I really feel empty these days. ew.
it’s so embarrassing that im even writing something on a website anonymously like this too. but i guess imma just ride the impulsive wave that i feel right now.
i feel upset. im blessed, but i feel so worthless. who cares if i get good grades if i can’t remember anything that i learn after i leave the class? who cares about grades if i can’t use what i learn? even if i do well, i can’t use anything in order to do things that actually matter. im not contributing anywhere to anyone. im just a dumb leech who’s leeching off everyone and can’t contribute whatsoever. i want to do something with my life but i have no idea what that something is. and i doubt that i even have the skills to do so either.
i know my worth isn’t found in accomplishments or others’ praise…. but even if i know that’s true, i don’t believe it. i know it. but i don’t feel it. so i guess i don’t actually believe it, do i? and i guess i don’t actually know it either.
prob gonna regret sending this in ohwell.

3 thoughts on “spammmmmmm.

  1. Anonymous says:

    Why not please yourself first? How can you expect to love or help others when you can’t do it to yourself? Remember, this life is yours to live. You can’t spend it trying to please the rest… Learn to love yourself then love others

    1. Anonymous says:

      I’m a college student in the middle of my undergrad, I turn 21 in a little less than a month.

      Let me start by saying that I’m assuming you’re in high school.
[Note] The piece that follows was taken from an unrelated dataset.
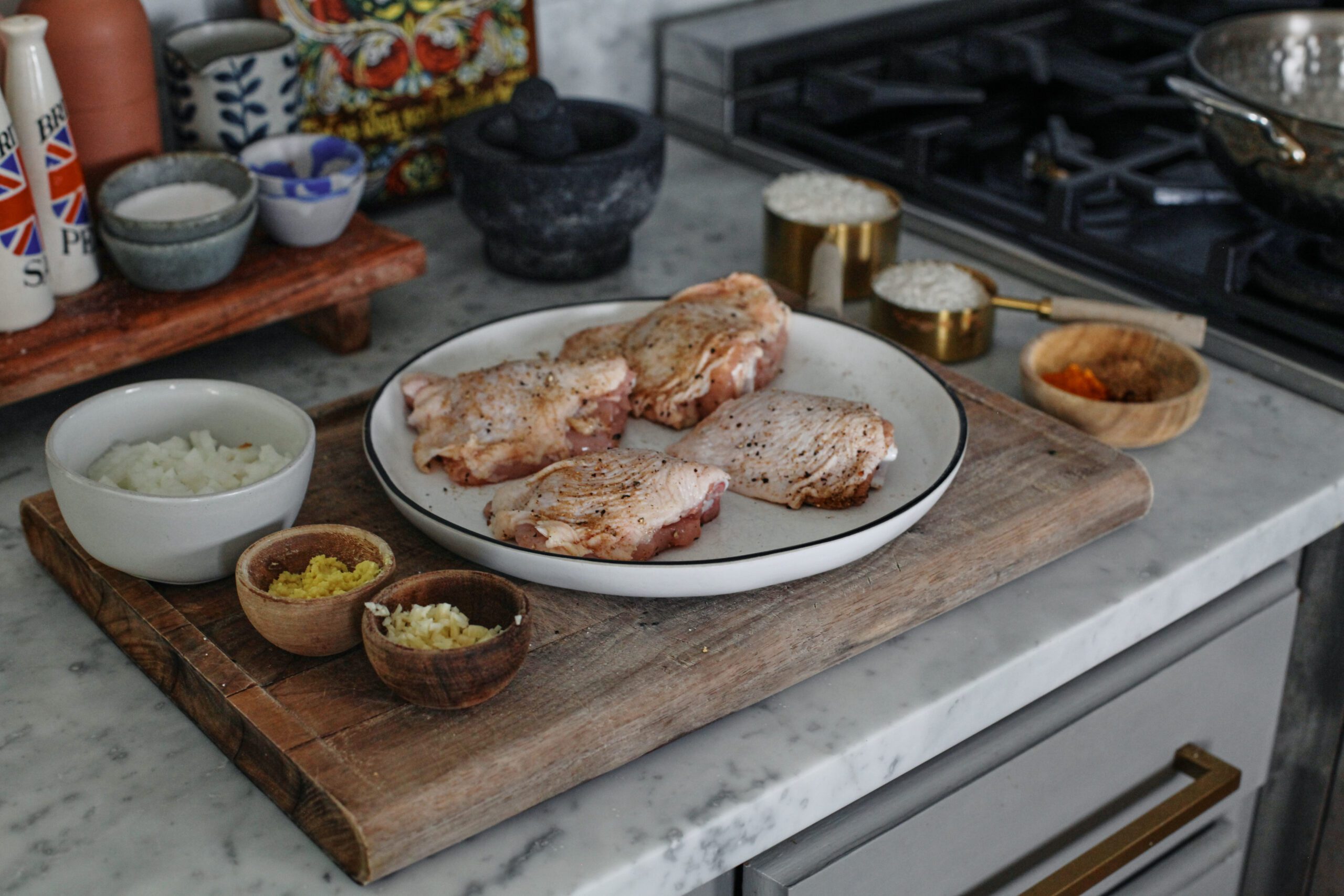 Chicken thighs: Bone-in, skin-on thighs are my top pick for maximum flavour and that crispy golden skin as the fat renders. Boneless thighs work too, and if you’d rather use skinless thighs or chicken breasts, check the substitutions section below for tips.

The grades matter if you plan on going to college, though I note your inquisitive and practical manner from your post.

      I highly encourage you to expand your horizons outside of the American public school system and become independent in your academic pursuits. Find something you’re passionate about and learn all you can about it, the knowledge will be pleasing to obtain and it won’t feel like a daunting chore like it is with more boring subjects.

      There are so many barriers that will block you as a young person from succeeding in this economy. Overcoming yourself is the biggest but simplest obstacle to overcome. Make yourself better for your sake, and you can do anything for others.
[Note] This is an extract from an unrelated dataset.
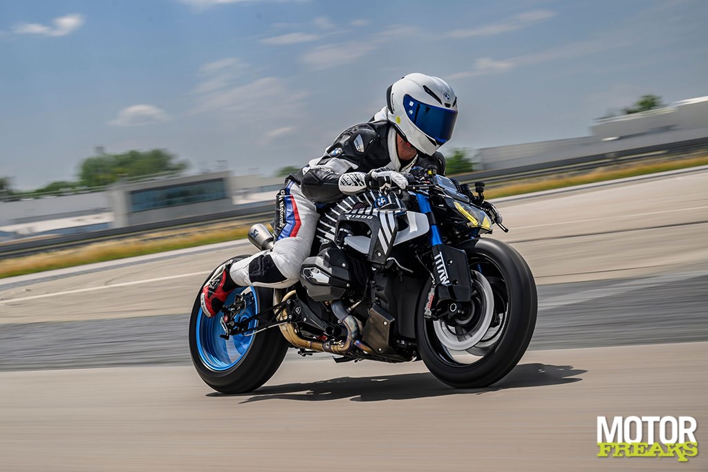 Tussen de twee titanium einddempers zit een agressief ogende lachgasfles die het injectiesysteem met een druk op de knop voorziet van lachgas. Zodra de zuurstofboost in de motor is gearriveerd, wordt de BMW R 1300 R "TITAN" via een nauwkeurig ontworpen transmissie en cardanaandrijving richting de finish 400 meter verderop gekatapulteerd, terwijl de remprestaties zijn toevertrouwd aan een high-spec Magura HC3 remklauw.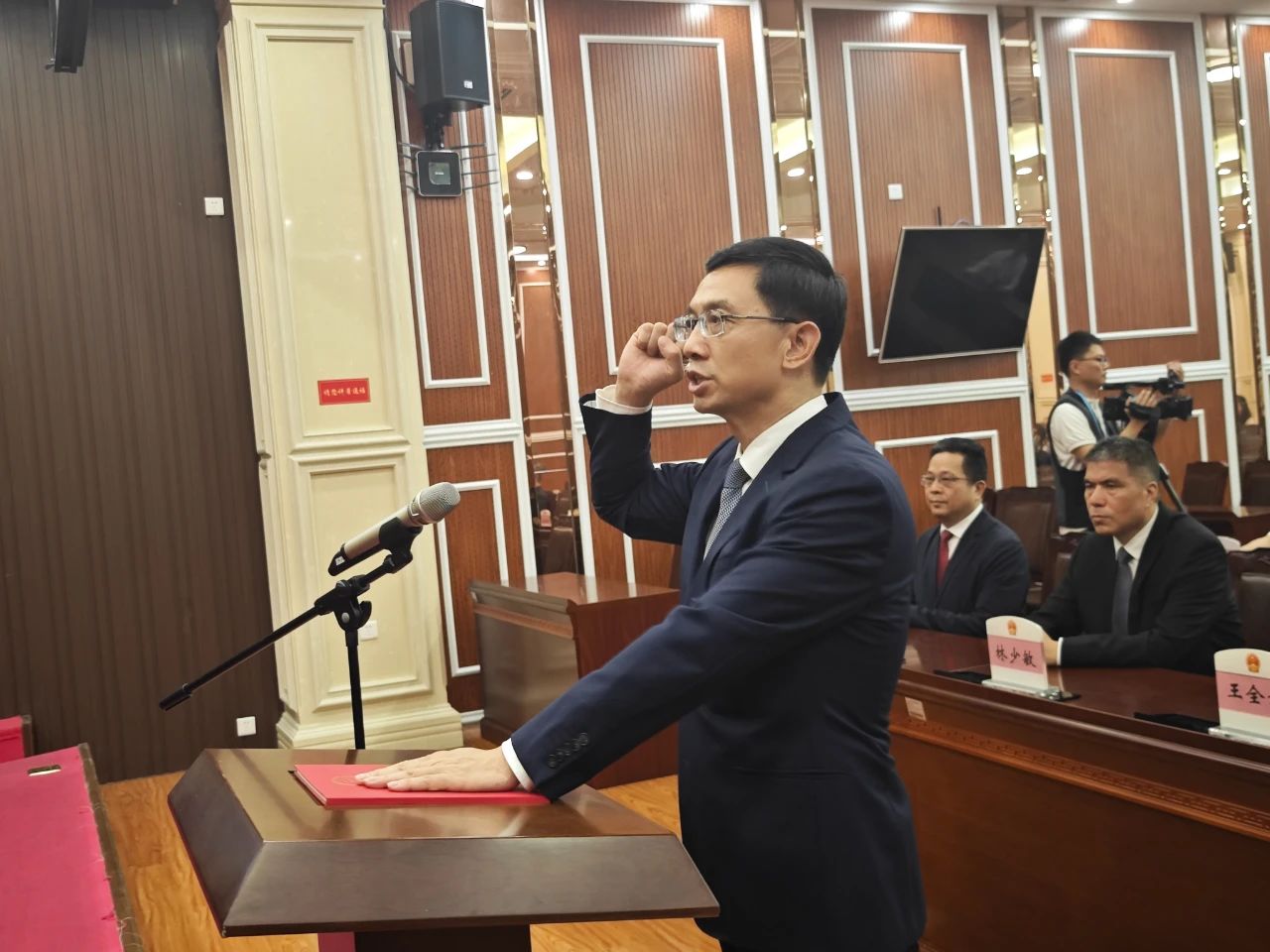 大会闭幕后,还举行向宪法宣誓仪式,新当选的揭阳市七届人大常委会主任曾风保依法向宪法宣誓。

      I grew up in dire poverty, single mom on welfare, and I felt like a worthless leach. I’m still trying to convince myself that my life is worth living. But when it comes down to it, you determine your own worth. You may have to show that to the world, and some people won’t want to hear it because they are classist f***ers. But if every one of us poor children succumbed to the faults of our parents, the faults of society, nothing would get better.

      The way I see it for myself, is that I’m going to try my hardest and if it isn’t good enough I’ll just off myself. I encourage you to do the same. Though for every millennial that commits suicide from lack of resources I just have to ask, who’s have fault, the individual or society? Truly I feel that this country has let the young poor down as it always has. The only difference is that we face far too many barriers today than previous generations.

      Simply put, it’s a challenge for us to be happy, and so many people don’t want us to be successful and happy. If society wants to watch us suffer just to spit us out then I am convinced that we’ve done nothing wrong.

      It’s sad that such talent as ours is neglected, unappreciated, and forced into waste. Great young minds like ours have a world of good to offer and yet we’re looked down upon because there isn’t the space for us to move up. Moving up would take the space and resources for some rich guys kid. The oligarchs don’t want us to succeed lest we challenge them.

      Maybe killing ourselves would send a message, maybe we should kill ourselves out of spite for those who work so hard to keep us down. Maybe, just maybe, we should live on to end this suffering. Maybe we should at least try to make a change because, and this is a crazy prospect, maybe we’ll succeed?

      Though we’ll never know if we don’t try. In the mean time, I’m going to go back to being alone, hungry and broke for the holidays with nowhere to go, and try to talk myself out of suicide once again. I hope nobody ever has to go through this, but if they do I hope they emerge from the catastrophe a better person.

      1. Anonymous says:

        Hey
        so first off, i just wanted to say thanks. i’m grateful that you took the time to reply to my rant/blob-like post. it was comforting to know that someone saw my thoughts and cared enough to reply. even though we probably are in very different situations, im glad that we could sort of relate to one another and share some problems.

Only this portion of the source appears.